With the profile extended to rzero (and the resolution increased by one level), the location of the outer boundary becomes closer, but the values no longer match. So something is going wrong either in the calculation or import of the profile, still.
- Gave Diyora edge-centered VTK output from VisIt volume plot to start with. I almost have the layout working, but can't seem to get the refined data (only the coarsest is showing in the chombo). Is only level 0 data loaded BeforeGlobalStep?
- Did testing for OpenMP version of code. Problem appears sometime between 5 tasks/4 threads and 10 tasks/12 threads (haven't determined exact cutoff yet).
- Working on presentation for eclipse at Ogden Farmers' Library.
Recent progress
- Previously, we have this version of paper on the orbital period change in binary system with giant stars.
The referee asked us to show that our angular momentum evolution do not have serious problem. So I sampled the angular momentum through multiple of spherical shells in a single AGB star test in the co-rotating frame. Ideally, the angular momentum of the wind at any shell is the same, or not varying if we average of enough time. However, simulation has errors and sampling is never infinitely long.
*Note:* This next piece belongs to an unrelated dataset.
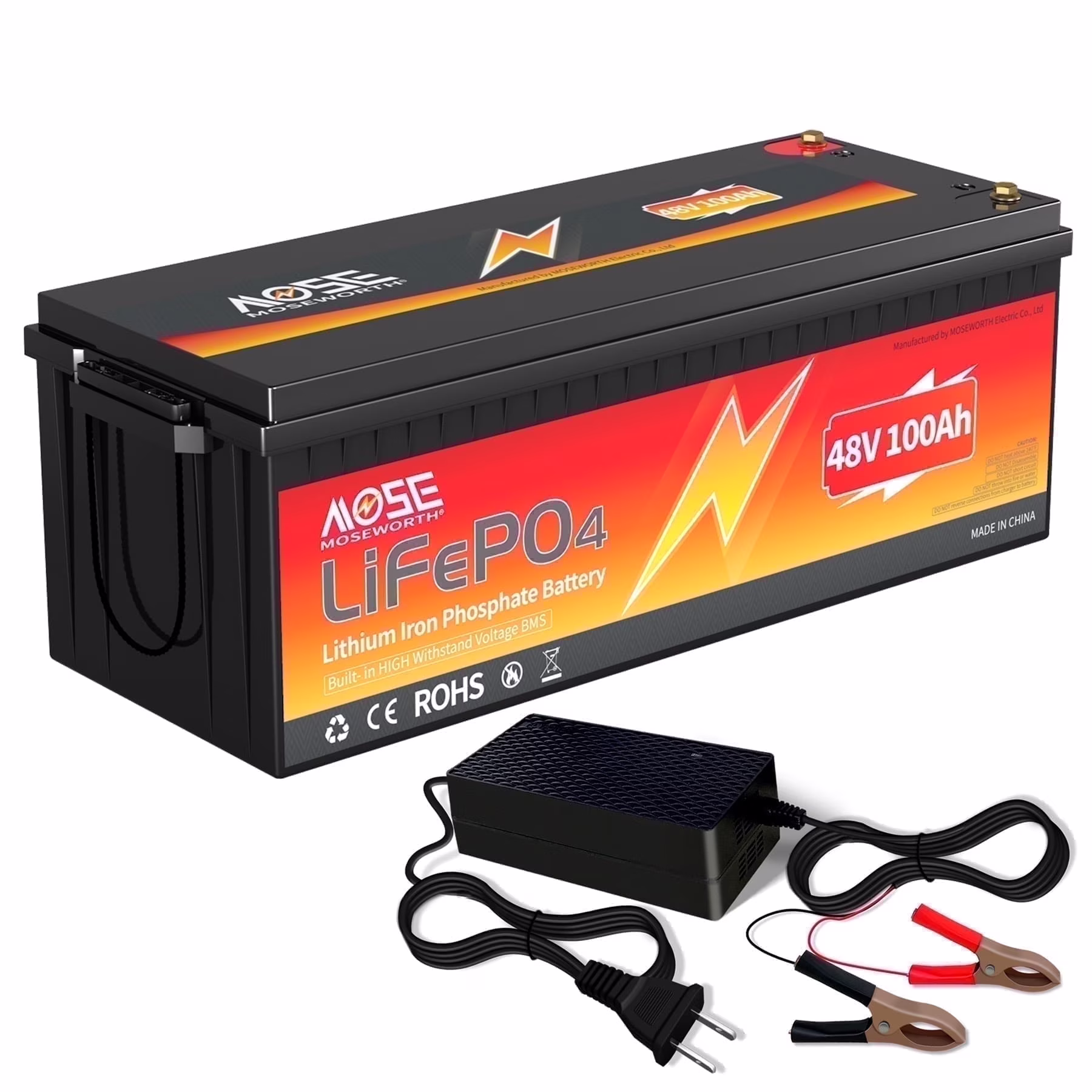 48V 100Ah Golf Carts LiFePO4 Battery,200A BMS,MOSEWORTH Lithium Batteries with Charger,for RV,Solar,Trolling Motor,Marine,15000+Deep Cycles,2C Rate Discharging

We should also replace the five images of alpha in the appendix in the last version of the paper.
We are going to use two figures to show the corrected orbital period change.
exclude all angular momentum which measured at 0.8d in the AM error study
only exclude the spin angular momentum of the AGB star
I am rewriting the paper.
- I studied the Riemann problem with realistic EOS.
A study of EOS Riemann problem
The conclusion is, realistic gas behave somewhat like ideal gas with a smaller gamma, though not exactly the same. We can in the future run some simulation with gamma=1.1 instead of gamma=1.67.
I recommend to remodel the AGB wind and binary star model with this argument.